TMC
05-09-2022, 04:01 AM
In particular, about Brooklyn and the Italian Americans who live there? I've personally never had the chance to visit Brooklyn but this is what somebody said on the old Jump the Shark (https://web.archive.org/web/20061031122842/http://www.jumptheshark.com/w/whostheboss.htm) website:
The show really jumped the shark when Tony adopted the I'm-too-good-cause-I-live-in-the-suburbs routine. I'm originally from Brooklyn and what always pissed me off about the show was the characterization of both Brooklyn and Italians. It was such obviously Hollywood slanted writing. To someone anywhere else in the country watching WTB, Brooklyn Italians are boorish, loud, stupid, ignorant, overdramatic, vindictive, poor slobs. Not to be over sensitive, but it's such a bull **** stereotype. Yeah, Samantha was sooo disadvantaged living in Brooklyn, she was poor and got into fights everyday. Tony was a looser going nowhere. Suddenly, when they got to Connecticut, everything was rosy. Sam and Tony both turned their lives around, thanks to this idyllic environment. There was never any mention of the ills that often accompany an affluent suburb like Fairfield County, Ct., such as drug use and other temptations. As long as they were out of Brooklyn, it was blue skies. The Brooklyn I know is one of home ownership, upward mobility, private and top public schools. The people I know in Brooklyn are not poor, they don't get mugged every day and don't hang out the window on a fire escape, because the majority of Brooklyn Italians live in their own homes and no, they don't drive broken down vans. Italians have come a long way since the first immigrants in the early 1900's. They no longer live in tenements and their neighborhoods are among the safest in Brooklyn. Ey-Oh-Oh-Ey Tony did Brooklyn and Italians a huge disservice. We're not all bufoons like him.
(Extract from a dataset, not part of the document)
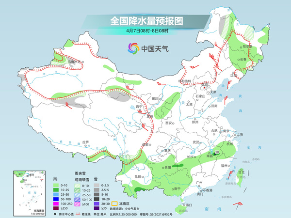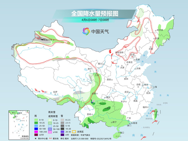昨天,我国的降水分布仍维持着北少南多的分布格局,此外,云南多地出现明显降雨,局地还出现了暴雨。监测显示,西藏中部和东北部、青海东南部、川西高原北部等地部分地区出现小到中雪或雨夹雪;新疆伊犁河谷、云南南部等地部分地区出现中雨或大雨,云南红河和西双版纳局地暴雨。

Ironically, Tony Danza and Alyssa Milano actually are from Brooklyn in real life. So there is a big sense of authenticity with their characters.
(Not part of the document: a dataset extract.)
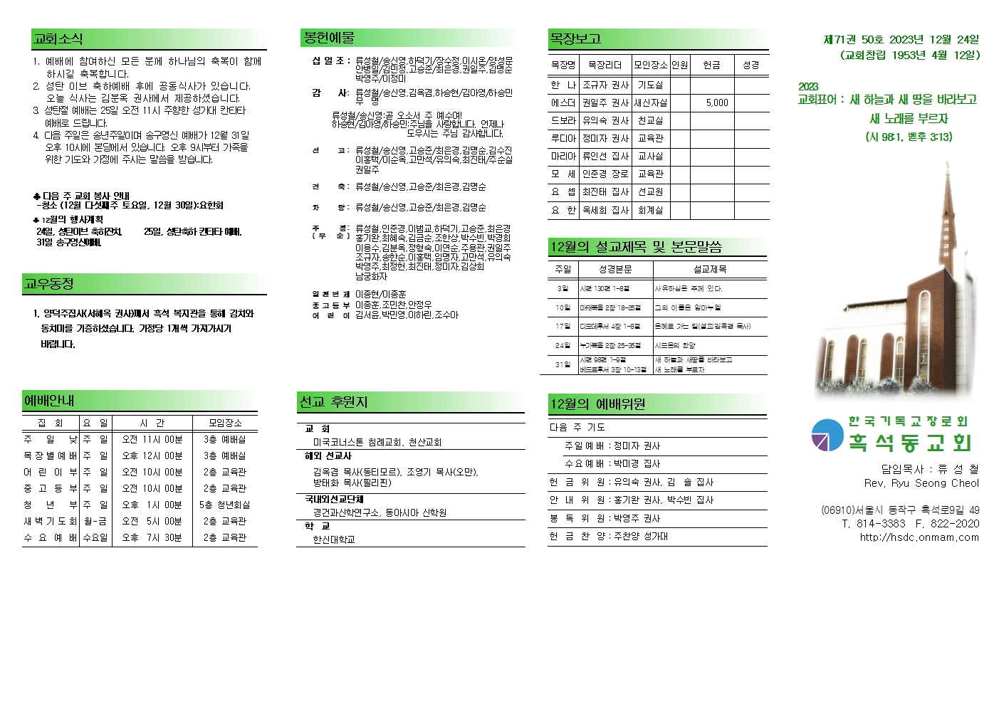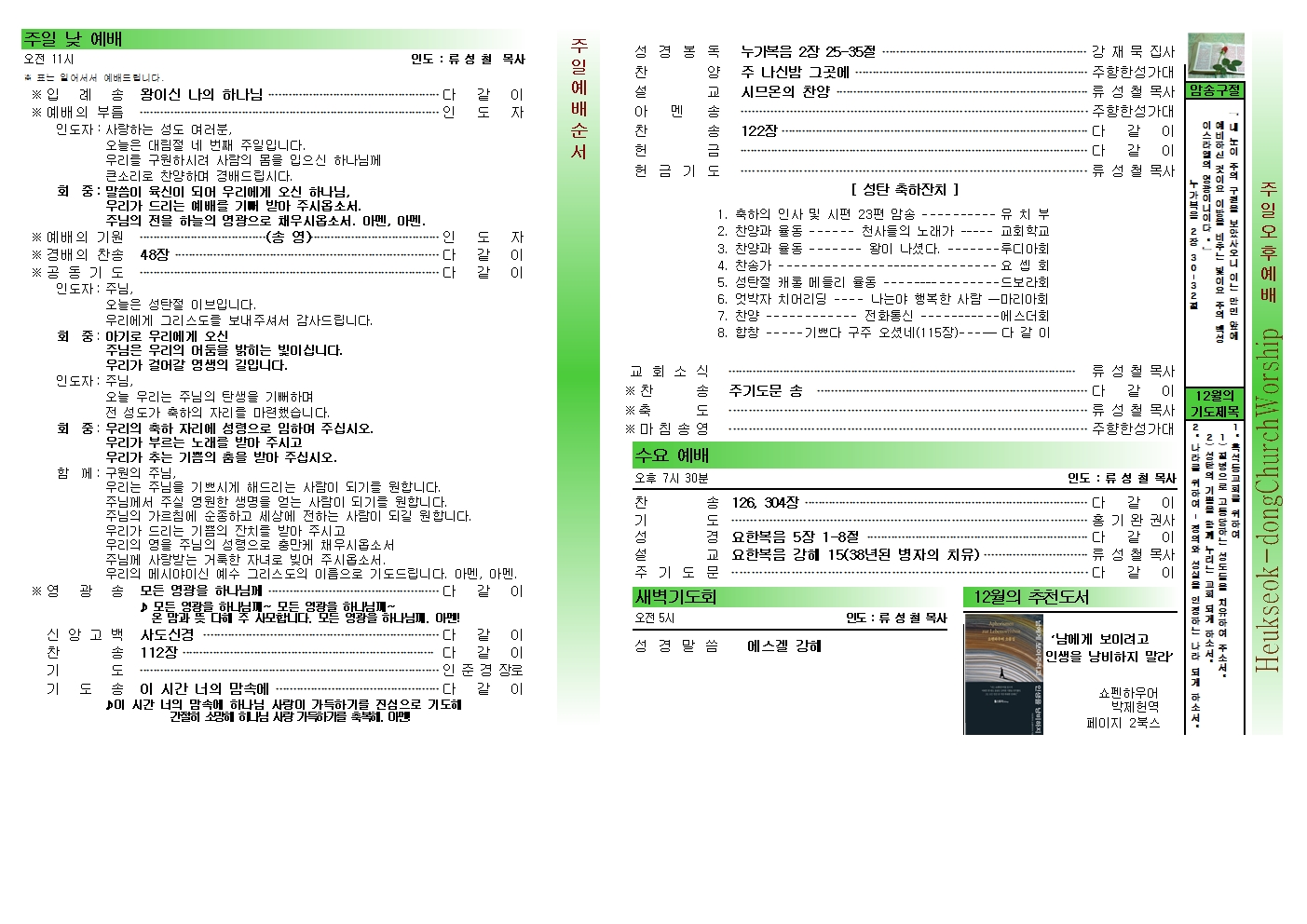 2023년 12월 25일 성탄 축하 예배 주보

The Al character (as played by William Gallo) is really the only character that I can think of off the top of my head, that clearly fits the description of an over-the-top stereotype or caricature of what people likely think that most Italian men from the East Coast act like. Al I suppose, strikes me as a more ignorant version of The Fonz on Happy Days or a sanitized version of Andrew "Dice" Clay's stand-up persona.
Even Mrs. Rossini's character, despite being presented as a surrogate mother figure to Tony can easily come across as brash and loud.
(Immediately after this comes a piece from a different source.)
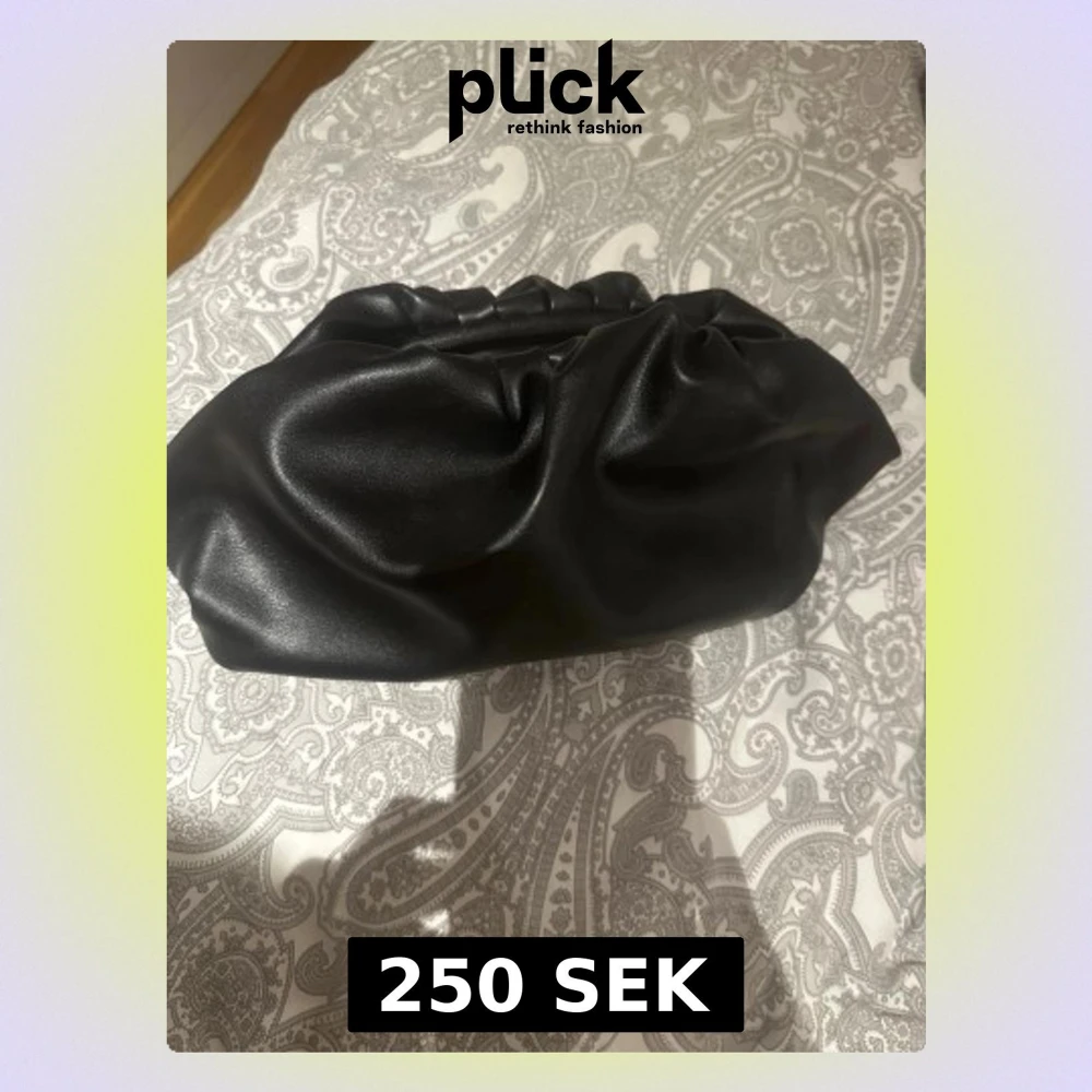 Säljer en svart kuvertväska i mjukt fejkläder med puffig, veckad design. Väskan har en modern och trendig look med rundad form och stängs upptill. Perfekt för dig som vill ha en stilren accessoar till din outfit.

The show really jumped the shark when Tony adopted the I'm-too-good-cause-I-live-in-the-suburbs routine. I'm originally from Brooklyn and what always pissed me off about the show was the characterization of both Brooklyn and Italians. It was such obviously Hollywood slanted writing. To someone anywhere else in the country watching WTB, Brooklyn Italians are boorish, loud, stupid, ignorant, overdramatic, vindictive, poor slobs. Not to be over sensitive, but it's such a bull **** stereotype. Yeah, Samantha was sooo disadvantaged living in Brooklyn, she was poor and got into fights everyday. Tony was a looser going nowhere. Suddenly, when they got to Connecticut, everything was rosy. Sam and Tony both turned their lives around, thanks to this idyllic environment. There was never any mention of the ills that often accompany an affluent suburb like Fairfield County, Ct., such as drug use and other temptations. As long as they were out of Brooklyn, it was blue skies. The Brooklyn I know is one of home ownership, upward mobility, private and top public schools. The people I know in Brooklyn are not poor, they don't get mugged every day and don't hang out the window on a fire escape, because the majority of Brooklyn Italians live in their own homes and no, they don't drive broken down vans. Italians have come a long way since the first immigrants in the early 1900's. They no longer live in tenements and their neighborhoods are among the safest in Brooklyn. Ey-Oh-Oh-Ey Tony did Brooklyn and Italians a huge disservice. We're not all bufoons like him.
Ironically, Tony Danza and Alyssa Milano actually are from Brooklyn in real life. So there is a big sense of authenticity with their characters.
The Al character (as played by William Gallo) is really the only character that I can think of off the top of my head, that clearly fits the description of an over-the-top stereotype or caricature of what people likely think that most Italian men from the East Coast act like. Al I suppose, strikes me as a more ignorant version of The Fonz on Happy Days or a sanitized version of Andrew "Dice" Clay's stand-up persona.
Even Mrs. Rossini's character, despite being presented as a surrogate mother figure to Tony can easily come across as brash and loud.